Kanki Sushi Wine Bar: Where Bograshov Meets Tokyo, One Roll at a Time
The first thing that registers is the warmth. Not the temperature, though the kitchen's open flames contribute, but the red tinged glow that washes across every surface, turning the narrow dining room into something between a Tokyo izakaya and a Tel Aviv living room. A couple near the window shares a platter of rainbow rolls, their chopsticks crossing paths over a slice of salmon. At the bar, a woman in a linen shirt swirls sake in a ceramic cup, watching the sushi chef press rice with the calm economy of someone who has done this ten thousand times. The terrace outside is already full, chairs angled toward the street, wine glasses catching the last of the evening light.

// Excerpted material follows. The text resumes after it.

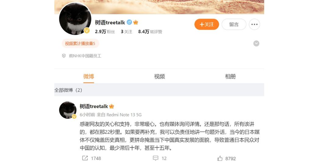 日本放送協會(NHK)一名中國籍播音員日前在節目中突然脫稿,並用中文播報「釣魚島是中國領土」,引發中日兩國熱議。在微博上,一個認證為「前NHK中國籍員工」的帳戶「樹語treetalk」今日(29日)發文稱,「所有該講的都在那22秒裏」,又稱當今日本媒體不僅掩蓋歷史真相,更拼命掩蓋當下中國真實發展的面貌,導致普通日本民眾對中國的認知最少滯後10年,甚至15年。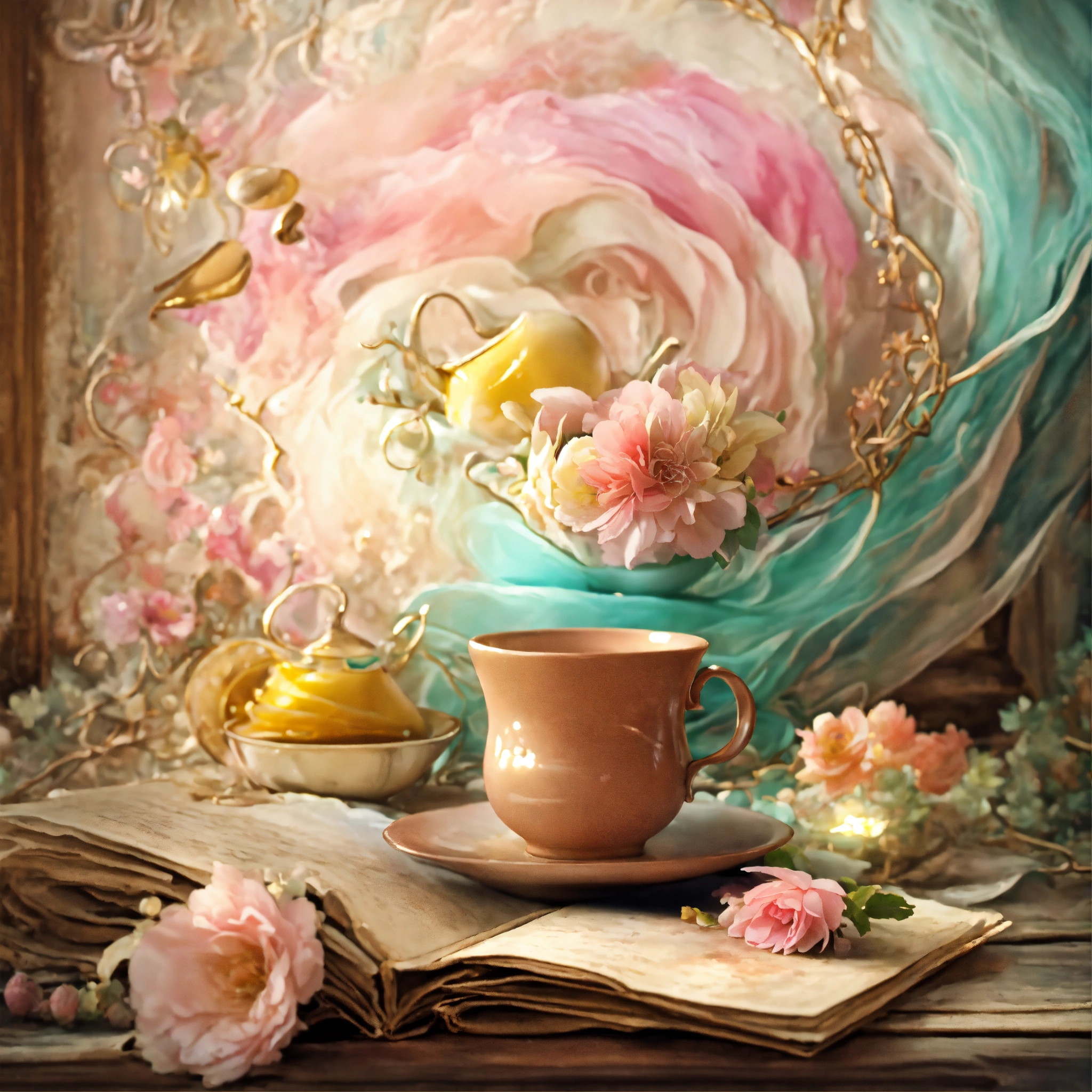Shabby chic dreamy mist pastel junk journals coffee tea the te swirling magical fairytale abstract art style

This is Kanki on a Wednesday night, and the wait for a table is already building.
Bograshov Street runs from the center of Tel Aviv straight to the sea, and at number 23, Kanki has occupied its ground floor corner for years, accumulating a following that borders on cult status among the city's kosher sushi faithful. Founded by Sofia and her family, the restaurant was conceived as a place where the precision of Japanese cuisine could coexist with the warmth and communal energy of a Mediterranean family table. That vision shows in everything from the sharing style menu to the wine bar that anchors the room, a feature that most sushi restaurants in this city treat as an afterthought.